EXTRACTED ENTRIES section start
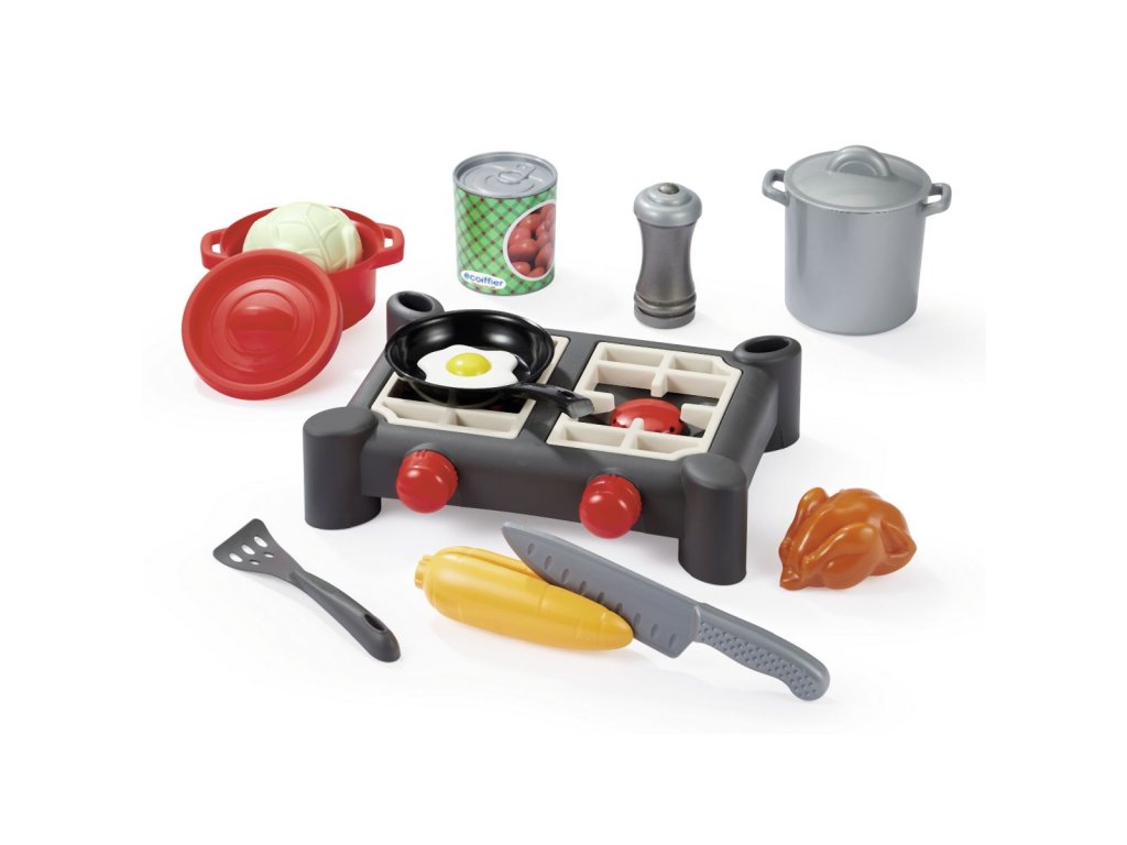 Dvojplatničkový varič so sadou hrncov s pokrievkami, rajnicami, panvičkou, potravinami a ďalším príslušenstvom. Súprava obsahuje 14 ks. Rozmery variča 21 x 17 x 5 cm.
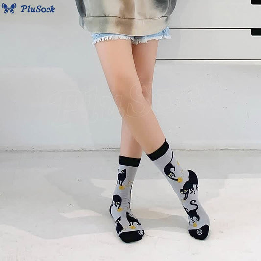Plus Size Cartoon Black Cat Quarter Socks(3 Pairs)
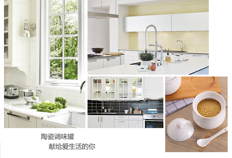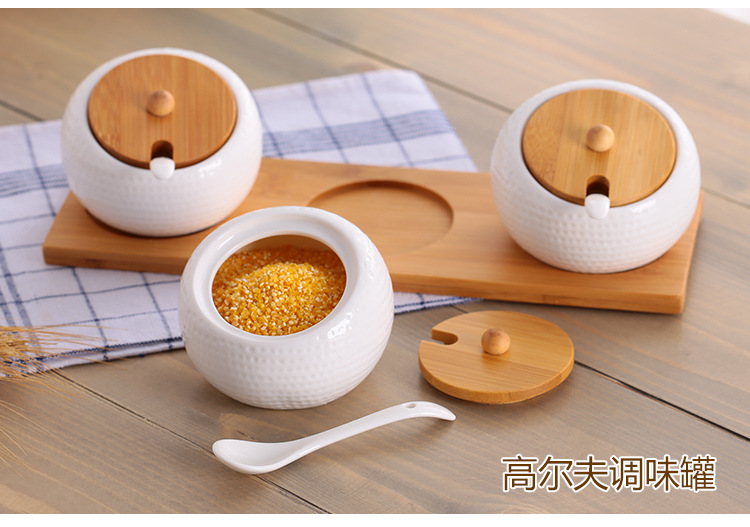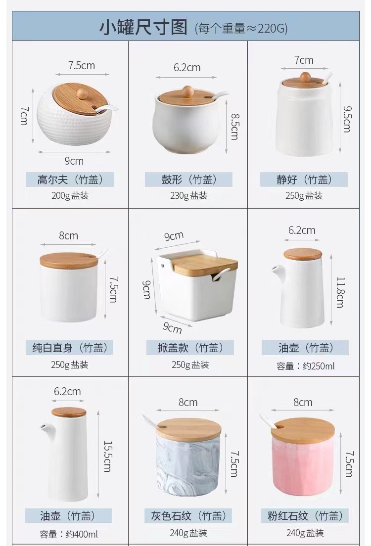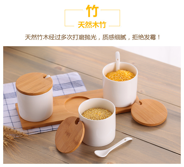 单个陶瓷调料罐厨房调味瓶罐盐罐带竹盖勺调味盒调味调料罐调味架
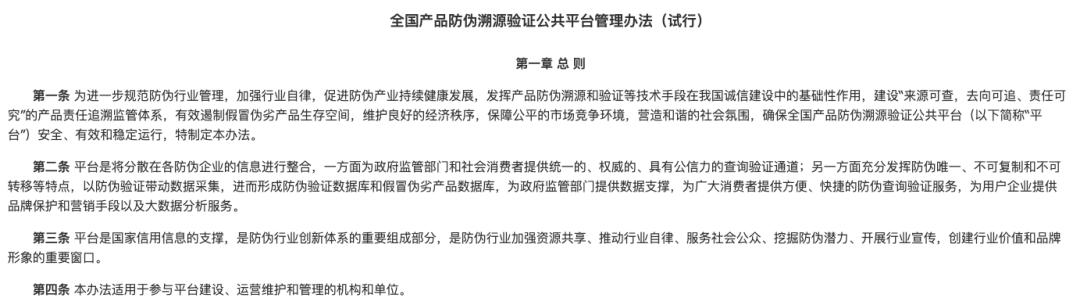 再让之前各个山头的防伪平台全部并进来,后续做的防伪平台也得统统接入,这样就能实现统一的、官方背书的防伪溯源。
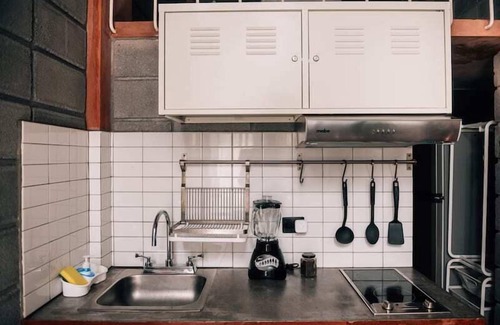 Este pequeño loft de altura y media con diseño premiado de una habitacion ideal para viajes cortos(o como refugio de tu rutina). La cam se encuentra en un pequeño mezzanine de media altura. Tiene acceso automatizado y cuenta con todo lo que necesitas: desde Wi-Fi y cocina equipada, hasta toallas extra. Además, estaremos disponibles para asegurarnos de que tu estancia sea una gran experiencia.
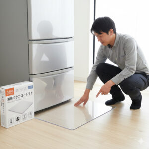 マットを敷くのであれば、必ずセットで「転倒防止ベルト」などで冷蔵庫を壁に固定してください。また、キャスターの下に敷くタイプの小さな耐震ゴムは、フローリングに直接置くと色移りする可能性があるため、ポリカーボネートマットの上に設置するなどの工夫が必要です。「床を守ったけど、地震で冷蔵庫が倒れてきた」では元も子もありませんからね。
EXTRACTED ENTRIES section end
EXTRACTED ENTRIES section start
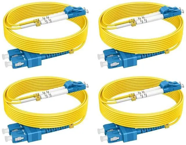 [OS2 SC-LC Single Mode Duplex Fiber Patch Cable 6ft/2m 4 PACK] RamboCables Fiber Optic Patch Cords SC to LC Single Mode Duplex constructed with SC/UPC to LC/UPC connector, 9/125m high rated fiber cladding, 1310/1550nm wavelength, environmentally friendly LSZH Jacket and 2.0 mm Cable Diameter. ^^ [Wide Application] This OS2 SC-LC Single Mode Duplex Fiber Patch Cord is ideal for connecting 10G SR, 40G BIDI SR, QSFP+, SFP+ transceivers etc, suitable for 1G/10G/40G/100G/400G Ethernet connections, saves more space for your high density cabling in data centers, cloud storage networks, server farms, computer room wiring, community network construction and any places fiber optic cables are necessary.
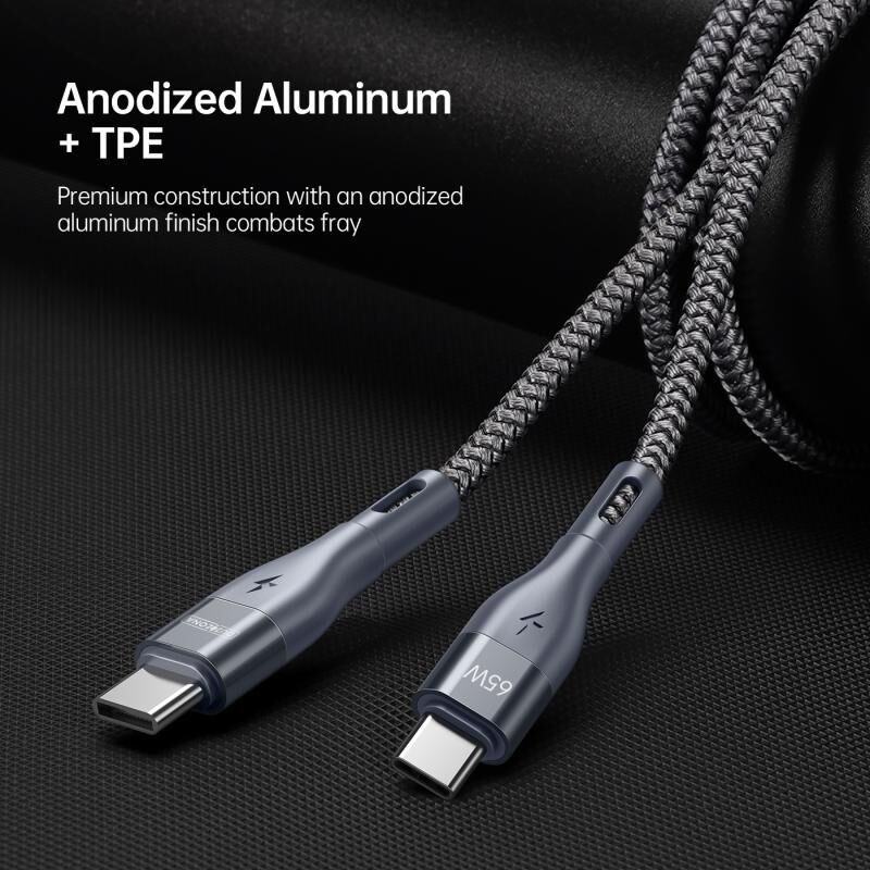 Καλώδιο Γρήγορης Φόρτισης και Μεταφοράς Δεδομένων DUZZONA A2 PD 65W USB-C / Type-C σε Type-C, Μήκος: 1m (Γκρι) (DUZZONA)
EXTRACTED ENTRIES section end
EXERCISE DIRECTIONS: In the records above, find the line with "Dvojplatničkový varič so" and the line with "再让之前各个山头的防伪平台全", then restate word for word only those two lines and all lines between, omitting pictures.

RESULT:
 Dvojplatničkový varič so sadou hrncov s pokrievkami, rajnicami, panvičkou, potravinami a ďalším príslušenstvom. Súprava obsahuje 14 ks. Rozmery variča 21 x 17 x 5 cm.
Plus Size Cartoon Black Cat Quarter Socks(3 Pairs)
 单个陶瓷调料罐厨房调味瓶罐盐罐带竹盖勺调味盒调味调料罐调味架
 再让之前各个山头的防伪平台全部并进来,后续做的防伪平台也得统统接入,这样就能实现统一的、官方背书的防伪溯源。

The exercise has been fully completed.